Configuration for the collector runtime is managed by the CollectorConfig struct. Key options include:

  • max_event_sources: Maximum number of event sources (default: 16)
  • event_buffer_size: Buffer size for the event channel (default: 1000)
  • shutdown_timeout: Timeout for graceful shutdown (default: 30s)
  • health_check_interval: Interval for health checks (default: 60s)
  • startup_timeout: Maximum time to wait for event source startup (default: 10s)
  • enable_debug_logging: Enable detailed logging (default: false)
  • max_batch_size: Maximum events per batch (default: 100)
  • batch_timeout: Timeout for event batching (default: 100ms)
  • backpressure_threshold: Threshold for event channel backpressure (default: 800)
  • max_backpressure_wait: Maximum wait time for backpressure (default: 500ms)
  • enable_telemetry: Enable telemetry collection (default: true)
  • telemetry_interval: Telemetry collection interval (default: 30s)
  • component_name: Name for configuration loading (default: "collector-core")

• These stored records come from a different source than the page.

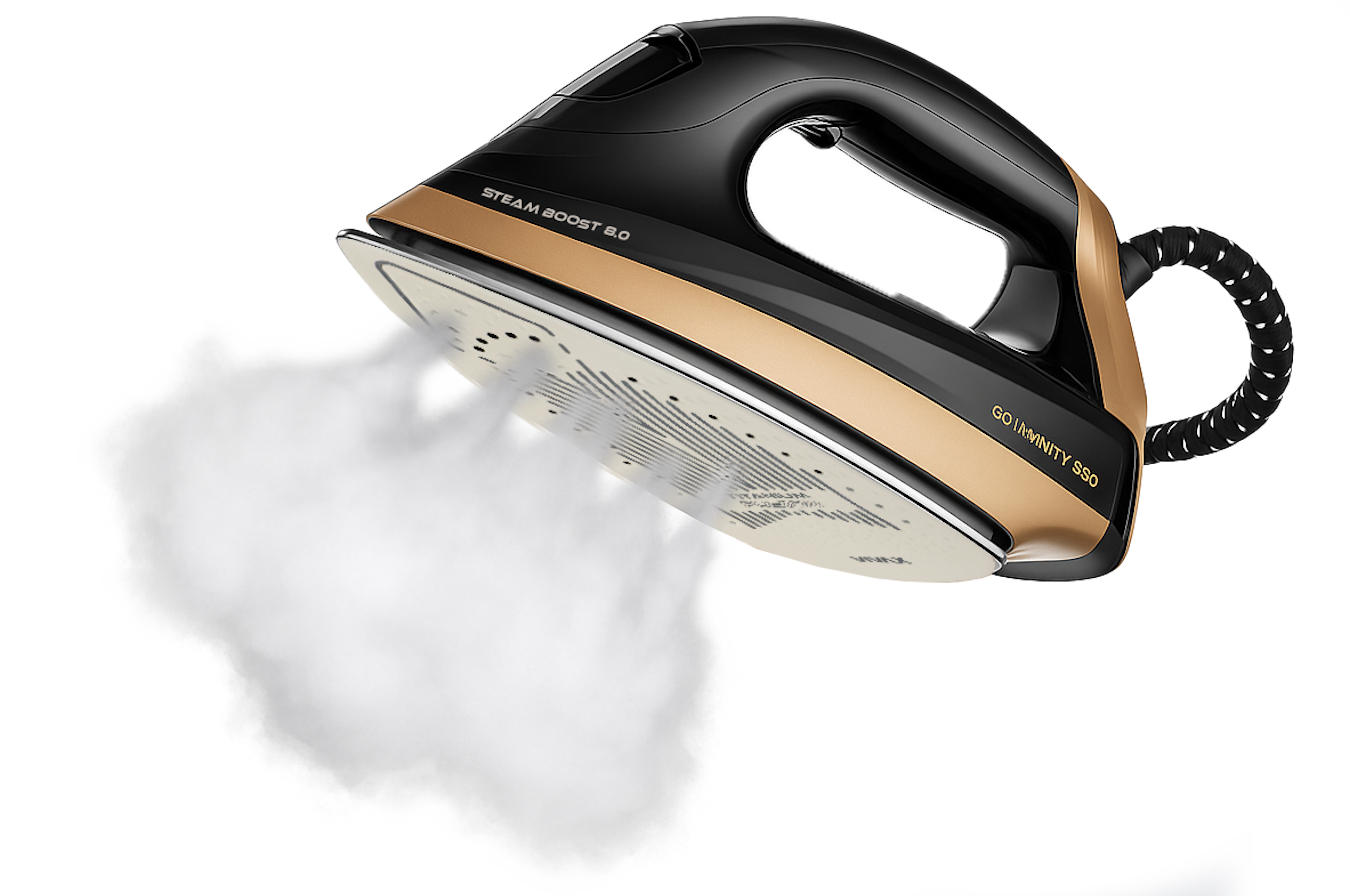 Fierul de călcat controlează automat temperatura plăcii de încălzire, în funcție de setările selectate pe panoul digital care selectează temperatura optimă, iar pornirea aburului se realizează prin simpla apăsare a butonului ușor accesibil și ergonomic situat pe partea inferioară a mânerului.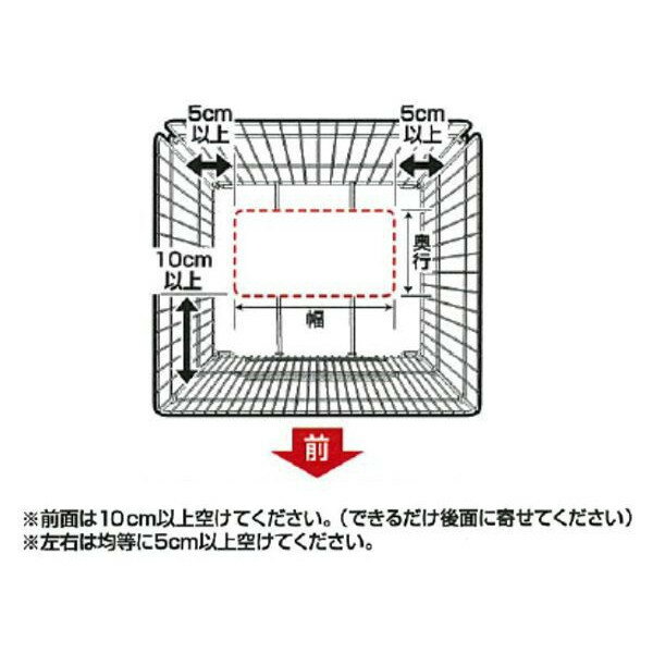 ●商品サイズ(約):幅58×奥行50×高さ65cm ●線材の間隔(約):12mm(正面) ●材質:スチール(エポキシ粉体塗装)、EVA樹脂 【取付け時の注意】 ・前面は10cm以上空けて下さい(できるだけ後面に寄せてください)。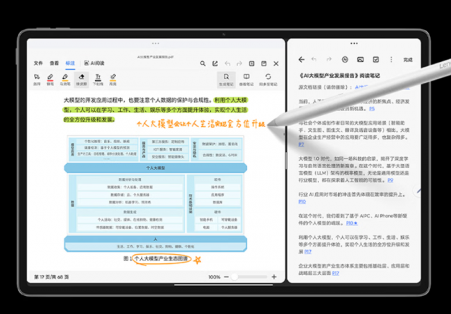 在AI能力方面,小新Pro GT 13行业首发支持端侧一键部署OpenClaw,无需联网即可本地运行大模型,响应更快、隐私更安全。针对大学生群体,产品特别定制了课堂笔记智能整理功能,可自动识别手写批注、融合图文内容,联动AI妙记与智慧文档,一键生成结构化知识笔记,真正让AI深度融入学习场景。

Configuration can be customized using builder-style methods:

use collector_core::CollectorConfig;
use std::time::Duration;

let config = CollectorConfig::new()
    .with_max_event_sources(32)
    .with_event_buffer_size(2000)
    .with_shutdown_timeout(Duration::from_secs(60))
    .with_health_check_interval(Duration::from_secs(120))
    .with_debug_logging(true);

Environment variable overrides are supported using a prefix based on the component name, allowing runtime customization of key options. Configuration can also be loaded from hierarchical sources via daemoneye-lib's ConfigLoader, with validation to ensure operational safety.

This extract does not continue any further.